国会活動

米軍のパラシュート降下訓練、日米貿易協定

〇第200回国会 衆議院 外務委員会 2019年11月6日(水)

○井上(一)委員

 井上一徳です。

 日米貿易協定については、日米関係全体の重要性という観点も踏まえて判断することは非常に大事だと思っていますが、他方で、10月29日に嘉手納飛行場でパラシュートの訓練を米軍が強行したということがありました。河野防衛大臣は明確にSACO合意違反だから中止すべきだと言ったにもかかわらず、米軍が強行しています。また、最近の記事では、戦闘機を操縦中に自撮りをやっていたというような記事も出ています。

 やはり、米軍に対して、これは外務省、外務大臣からも強く言わないと、日米の信頼関係を損なうことになると思うのですが、いかがでしょうか。

○茂木国務大臣

 御指摘の河野大臣の発言は、嘉手納飛行場で訓練を実施しなくてはならない理由を米軍がしっかりと説明しない限り、今回の訓練が例外的な場合に該当すると判断するのは困難である、こういった趣旨で述べられたものだと承知をいたしております。

 いずれにしても、引き続き、米側に対して、パラシュート降下訓練については、SACO最終報告に沿って、伊江島飛行場において実施するよう求めていきたいと思っております。

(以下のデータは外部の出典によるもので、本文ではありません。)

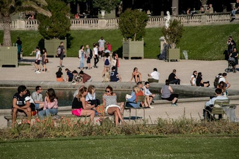 | Des personnes prennent le soleil au jardin du Luxembourg, le 30 mai à Paris |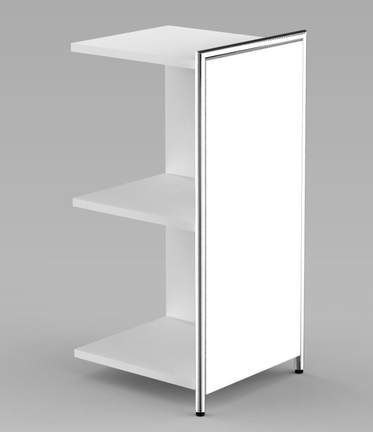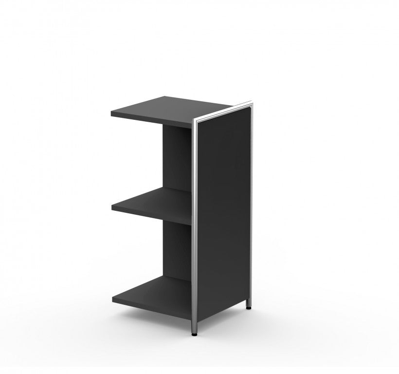 Die Regalseiten verfügen über ein dreiseitig umlaufendes verchromtes Rundrohr in 22 mm Stärke, welches mit einer 19 mm starken Holzwange aus melaminharzbeschichteter Gütespanplatte in anthrazit oder weiß gefüllt ist. Auf Wunsch können die Regalfelder mit Türen aus Holz (2 OH und 5 OH) oder Glas (2 OH) ergänzt werden, die ober- und unterhalb durch verchromte Rundrohre, 22 mm Ø, eingerahmt werden. Sämtliche Holztüren verfügen über ein Drehzylinderschloss und verchromte 105 mm lange Griffe, sowie einen Öffnungsgrad von 90 .Die Rollcontainer sind mit Stahlschubladen mit Selbsteinzug, Zentralverschluss und Auszugsperre ausgestattet.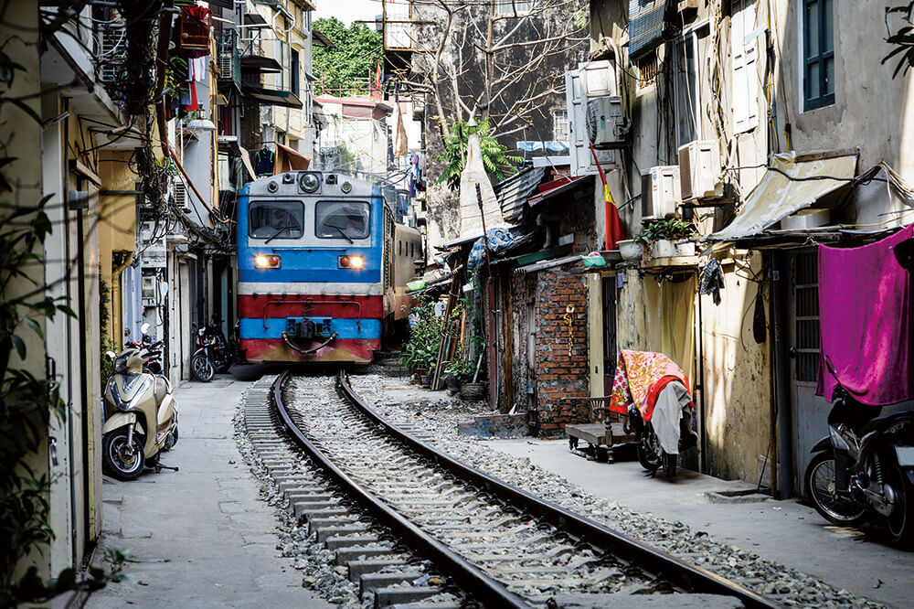 建物スレスレを走る電車はハノイの観光名所の一つ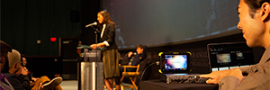 Reducción en los equipos de hardware, en el tiempo de configuración y en la complejidad de conexión. Éstas son las principales bazas del VR-5 de Roland, un equipo que va más allá de un mezclador de audio/vídeo y cuya demostración en cuanto a producción, grabación y transmisión en web streaming se ha podido ver en el Showroom que Roland System Group tiene en la sede de Mac Digital. Además, como ha quedado patente, es una solución fácil de manejar y transportar a cuaquier evento.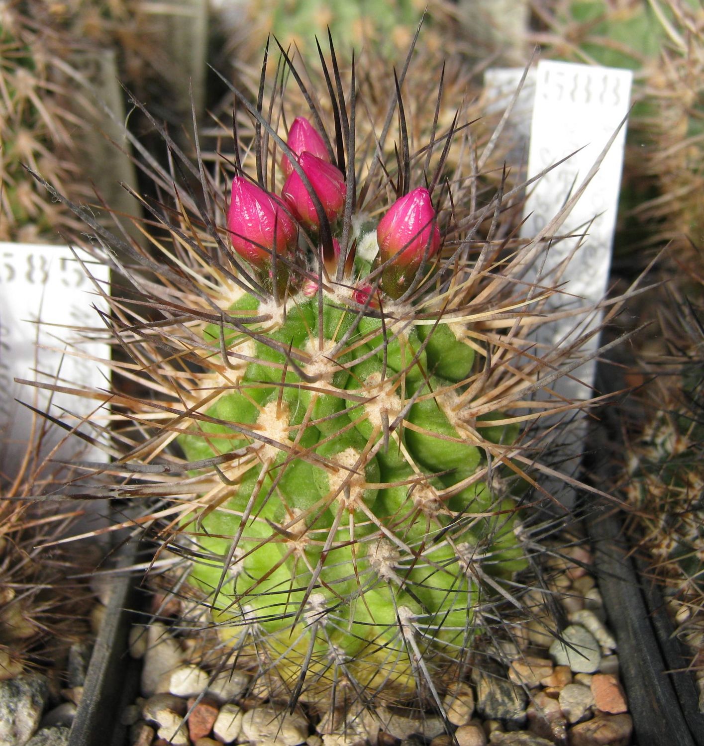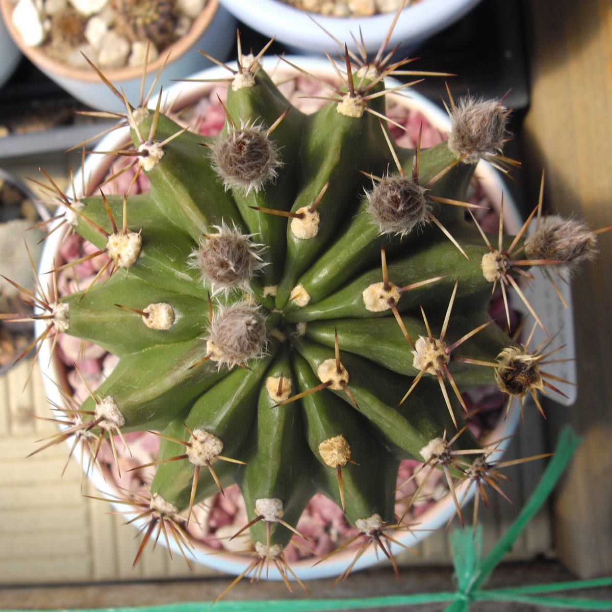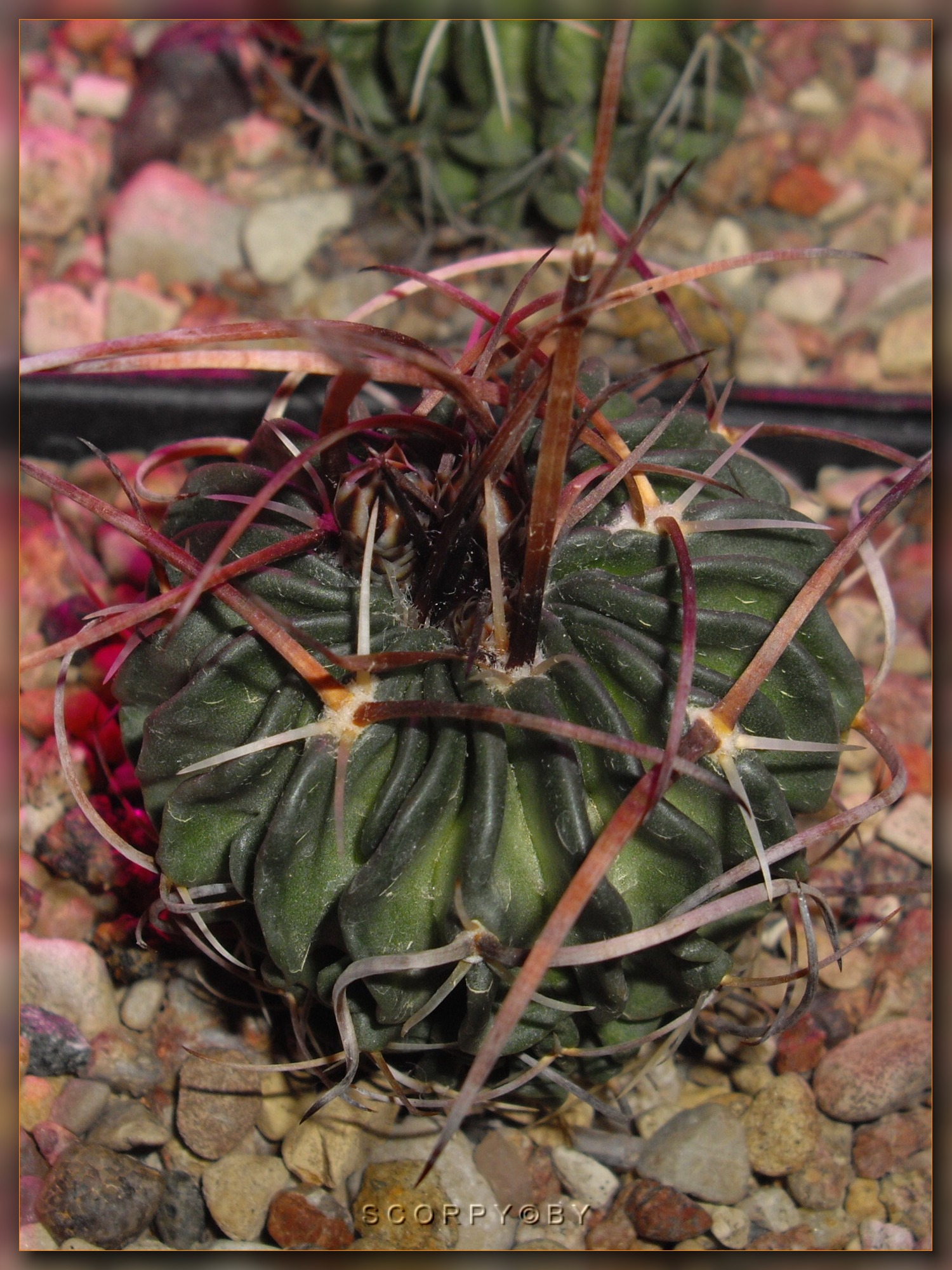 Стебель коротко-цилиндрический, светло-зеленый, с 12-13 ребрами. Ареолы крупные, белоопушенные. Радиальных колючек 7. Центральных колючек 1-4, до 3 см длиной, черных, блестящих. Цветки до 4 см длиной и в диаметре, кремово-белые.Основные отличия, это 15 ребер у моей, и цветки - не кремово-белые и крупнее... :-x Фото цветка можно увидеть здесь (пост №234): http://kaktus.by/index.php?topic=726.new

 私も先週、来日しておりましたデービッドソン米インド太平洋軍司令官に対しまして、安全な訓練の実施、このことが極めて重要な前提条件になる、こういうお話は申入れをさせていただいております。

○井上(一)委員

 引き続き、外務大臣からも強く言っていただきたいと思います。

 次に、日米貿易協定の中で、先ほどから、自動車・自動車部品について、現時点では確約がとれていないわけなのですので、現時点で確約をとれたものでやはり試算すべきだというのは私もそのとおりだと思っていまして、私も、先ほど申し上げたとおり、やはり日米関係の重要性を踏まえると、この日米貿易協定も前に進めるべきだというふうには思っているんですが、やはり説得力のある数字でもって言っていただかないと、そういう私でさえも、この協定は本当に大丈夫かと思ってしまうわけです。

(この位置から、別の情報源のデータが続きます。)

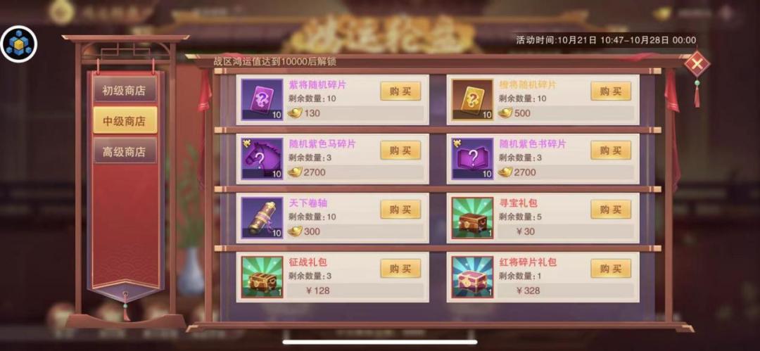 中级商店:战区鸿运值达到10000后解锁,首先所有类型玩家必买满天下卷轴,氪金可以考虑328元红将碎片礼包、寻宝礼包,128元征战礼包不推荐;普通玩家推荐只买入天下卷轴即可,书、马碎片合成为随机,很难合成到自己理想的书马,其他都不推荐买入氪佬请随意,高兴就好。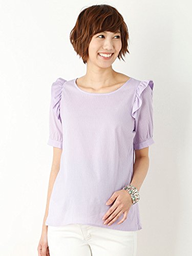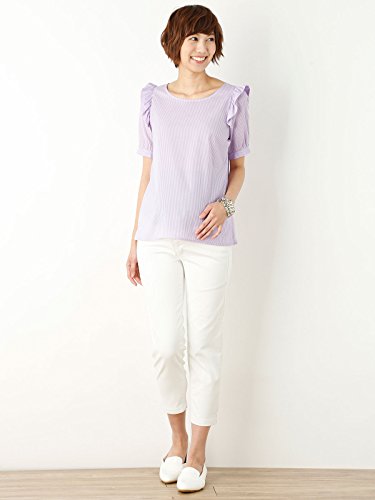 Angeliebe エンジェリーベ マタニティ 授乳口 付 肩 フリル ドビー 五分 袖 ブラウス 妊婦服 産前 産後 半袖 フリー ラベンダー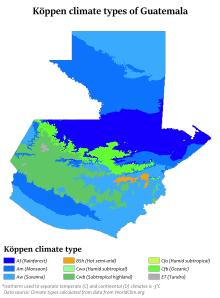 The first evidence of human habitation in Guatemala dates to 12,000 BC. Archeological evidence, such as obsidian arrowheads found in various parts of the country, suggests a human presence as early as 18,000 BC.[18] There is archaeological proof that early Guatemalan settlers were hunter-gatherers. Pollen samples from Petén and the Pacific coast indicate that maize cultivation had been developed by the people by 3500 BC.[19] Sites dating to 6500 BC have been found in the Quiché region in the Highlands, and Sipacate and Escuintla on the central Pacific coast.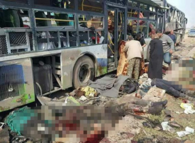 Η έκρηξη έγινε στην περιοχή Ρασιντίν έξω από το Χαλέπι, όπου δεκάδες λεωφορεία περίμεναν να μπουν στην πόλη μεταφέροντας κυρίως Σίιτες κατοίκους από δύο χωριά που εκκενώθηκαν με βάση συμφωνία των αντιμαχόμενων πλευρών. Τα λεωφορεία περίμεναν έξω από την πόλη από το βράδυ της Παρασκευής.

 資料で示しております日米貿易協定の我が国からの輸出に係る関税支払い減少額それから関税収入減少額を見てみますと、政府の試算では、関税収入減少額の方は、初年度では460億収入が減り、最終年度では1030億減ることになります。関税支払いの減少額、これは向こうに払うものですが、工業製品について言えば、初年が212億、最終年が2126億となっております。

 これだけ見ると、最終年だけで見ると日本側の支払い額が1000億減るというように単純計算すればなるのですが、実際に自動車・自動車部品はとれていないわけですから、これを除いて試算するとどうなるのかと聞くと、これについては試算できませんということなのですが、やはりまだ試算できないということでしょうか。

○澁谷政府参考人

 先ほどからお答えしているとおり、そうした試算を行うことは差し控えさせていただきたいと思っております。

○井上(一)委員

 これは、試算がまずできるのかできないのか、できるけれども出せないのか、その辺はどうでしょうか。

○澁谷政府参考人

 TPP12の国会審議のときも議論になったところでございますけれども、例えば自動車部品というものにつきまして、財務省の貿易統計上の自動車部品という概念はありますけれども、私どもが自動車部品として交渉対象としているものは、もっと広い概念でございます。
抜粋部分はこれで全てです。